If you paid your credit card balance in full before requesting the refund, your account may show a negative balance when the refund posts. In this case, a negative balance is actually a plus: It means you have a credit on your account. What can you do with a negative balance?
- Spend it. Your card issuer will use the credit to cover your charges until it's used up.
- Request a refund. You can also ask your card company to issue a paper check or transfer the extra funds to your bank account.
When Returning Items Can Affect Your Credit
Returning an item you paid for by credit card can improve your credit utilization rate and possibly help your credit score. To understand how this works, let's rewind to the beginning.
When you used your card to pay for your original purchase, particularly a large purchase, you added to your card balance and increased your credit utilization. This increase may have caused your credit score to drop. Returning your item for a refund reverses the process, lowers your credit utilization and could raise your credit score (or restore it to roughly its pre-purchase level, all else being equal).
Credit Utilization and Your Credit Score
What exactly is credit utilization? Credit utilization is your credit card balance divided by your credit limit: It reflects the amount of available credit you're using.
Example: Say you have a credit card with a $5,000 credit limit and you're carrying a balance of $2,000. Your credit utilization is 40% ($2,000 divided by $5,000).
Most experts recommend keeping your credit utilization ratio below 30% to avoid hurting your credit scores, and below 10% to maintain the best scores.
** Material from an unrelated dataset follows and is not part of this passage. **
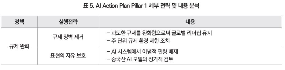 Pillar 1은 5개 정책 영역과 15개 세부 실행전략(표 5)으로 나누어 볼 수 있으며, 정부는 AI 기술 개발을 저해하는 규정, 지침, 행정명령의 규제 장벽을 과감히 제거해야 한다는 것이다. 또한 민간이 연구개발을 주도할 수 있도록 유도하고, AI 기술 발전이 전 산업계로 확산할 수 있도록 지원함으로써 미국의 AI 기술 혁신 역량을 전방위적으로 강화할 수 있는 전략을 실행에 옮겨야 한다는 것이다.

In our example, returning an item for a $500 refund could reduce your card balance to $1,500, or 30% of your available credit. Since credit utilization accounts for about 30% of your FICO® Score☉ , a $500 refund could have a significant impact.
Learn more >> Complete Guide to Credit Scores
Tip: Pay Your Bill on Time
Here's an additional pitfall to avoid: Don't forget to pay your regular monthly credit card bill regardless of what's happening with your refund. Card issuers don't count a refund as a payment on your account. As long as your account shows a balance, you should still make your monthly payment on your regular due date.
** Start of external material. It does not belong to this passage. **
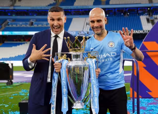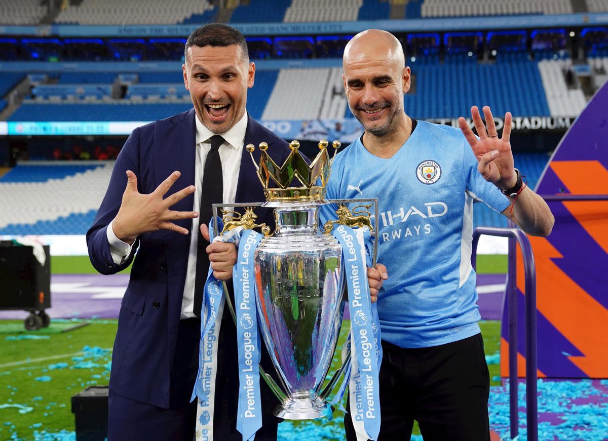 Khaldoon Al Mubarak posa junto a Pep Guardiola tras ganar la Premier League 2021-2022 - Martin Rickett/PA Wire/dpa

If you miss your regular payment date, you could be on the hook for late payment fees and penalty interest rates on your account. Your card issuer will also report a 30-day late payment to credit reporting agencies. A late payment has a negative effect on your credit score and stays on your credit report for up to seven years.
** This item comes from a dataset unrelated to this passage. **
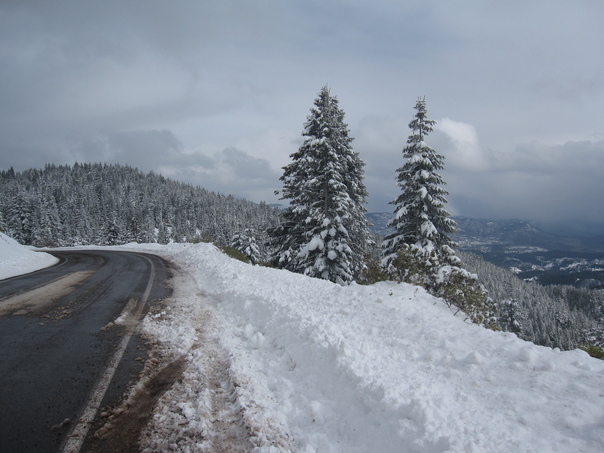 This picture is in trees and snow. They are very beautiful. |

Do You Lose Rewards on Returned Purchases?
Rewards points and cash back rewards are forfeited when your credit card is refunded. Anytime a charge is reversed, the points or cash back you earned from the transaction is deducted from your rewards account.
What if You Already Used the Rewards?
If you've already used your points or miles, or redeemed cash back, your rewards account may show a negative balance. As you earn rewards going forward, your account balance will increase, eventually moving back into positive territory.
Can You Keep Rewards After a Return?
One way to keep rewards when returning an item is to accept store credit instead of having money refunded to your credit card. By doing this, you keep your original transaction (and the rewards that came with it) intact. This is probably only worth doing if you're certain you'll use the store credit in the foreseeable future. Otherwise, you run the risk of letting your refund money sit idle as store credit while your credit card balance remains.
The Bottom Line
Ideally, returning an unwanted item for a refund should undo any consequences that may have come from making a big purchase on your card in the first place. You'll have to forgo the thing you bought and any rewards that came with your purchase, but your account balance should drop back to where it was before—and your credit should bounce back as well.
The process from return to completed refund can take some time. Shipping the item back to the merchant, waiting for the merchant to process the return and finally watching for your refund to post may add up to a week or longer. When the dust settles, check up on your credit report and score for free with Experian to see where your credit stands.